FDA granted Fast Track designation to the phase III registration program for enobosarm, a selective androgen receptor targeting agonist, for the treatment of androgen receptor positive, estrogen receptor positive, human epidermal growth factor receptor 2 negative (AR+ER+HER2-) metastatic breast cancer patients who have shown previous disease progression on a nonsteroidal AI, Faslodex (fulvestrant), and CDK 4/6 inhibitor therapy, and who have AR% nuclei staining ≥40% in breast cancer tissue (third-line metastatic setting).
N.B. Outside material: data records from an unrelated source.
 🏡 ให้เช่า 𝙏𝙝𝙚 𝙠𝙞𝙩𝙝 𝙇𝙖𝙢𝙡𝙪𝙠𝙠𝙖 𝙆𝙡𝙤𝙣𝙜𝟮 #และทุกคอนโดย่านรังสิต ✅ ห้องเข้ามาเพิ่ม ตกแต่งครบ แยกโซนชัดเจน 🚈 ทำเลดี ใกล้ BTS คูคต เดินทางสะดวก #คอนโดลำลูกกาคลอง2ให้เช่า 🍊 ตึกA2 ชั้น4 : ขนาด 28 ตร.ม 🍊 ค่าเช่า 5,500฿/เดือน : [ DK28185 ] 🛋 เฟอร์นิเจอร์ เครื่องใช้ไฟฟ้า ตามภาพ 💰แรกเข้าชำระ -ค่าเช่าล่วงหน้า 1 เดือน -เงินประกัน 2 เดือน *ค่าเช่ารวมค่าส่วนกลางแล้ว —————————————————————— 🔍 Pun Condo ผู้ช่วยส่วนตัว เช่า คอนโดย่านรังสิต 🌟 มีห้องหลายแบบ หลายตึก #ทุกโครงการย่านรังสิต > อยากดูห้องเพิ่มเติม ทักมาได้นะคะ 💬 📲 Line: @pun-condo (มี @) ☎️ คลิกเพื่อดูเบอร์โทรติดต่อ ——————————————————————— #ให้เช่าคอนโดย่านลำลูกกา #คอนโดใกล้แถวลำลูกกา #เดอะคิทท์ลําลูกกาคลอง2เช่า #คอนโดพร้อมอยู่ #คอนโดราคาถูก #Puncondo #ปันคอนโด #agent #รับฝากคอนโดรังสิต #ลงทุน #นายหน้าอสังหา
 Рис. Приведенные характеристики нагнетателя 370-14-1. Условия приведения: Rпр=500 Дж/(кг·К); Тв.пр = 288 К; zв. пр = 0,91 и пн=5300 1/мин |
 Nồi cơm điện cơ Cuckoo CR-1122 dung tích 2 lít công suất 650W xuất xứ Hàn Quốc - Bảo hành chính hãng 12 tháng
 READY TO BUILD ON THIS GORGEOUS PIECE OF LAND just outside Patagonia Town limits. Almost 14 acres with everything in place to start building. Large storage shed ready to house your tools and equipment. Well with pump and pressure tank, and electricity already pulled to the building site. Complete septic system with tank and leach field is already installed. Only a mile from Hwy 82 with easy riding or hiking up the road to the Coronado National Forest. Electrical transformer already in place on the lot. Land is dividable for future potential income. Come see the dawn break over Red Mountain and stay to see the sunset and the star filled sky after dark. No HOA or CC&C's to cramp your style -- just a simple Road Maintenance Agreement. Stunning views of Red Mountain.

Enobosarm is sponsored by Veru Inc.
Enobosarm is in clinical development for three indications:
- A phase III ARTEST clinical study, which is enrolling, evaluating enobosarm for the treatment of third-line metastatic AR+ER+HER2- breast cancer patients whose disease has progressed after treatment with a nonsteroidal aromatase inhibitor, Faslodex, and a CDK4/6 inhibitor with an androgen receptor nuclei staining of ≥40%.
- Planned phase III ENABLAR-2 clinical study evaluating enobosarm + Verzenio (abemaciclib) combination therapy as treatment of second-line metastatic AR+ER+HER2- breast cancer patients whose breast cancer has progressed after treatment with Ibrance (palbociclib) and either a nonsteroidal aromatase inhibitor or Faslodex combination with an androgen receptor nuclei staining of ≥40%.
- A planned phase II clinical study of Veru’s enobosarm + sabizabulin combination therapy in metastatic triple negative breast cancer after two systemic chemotherapies.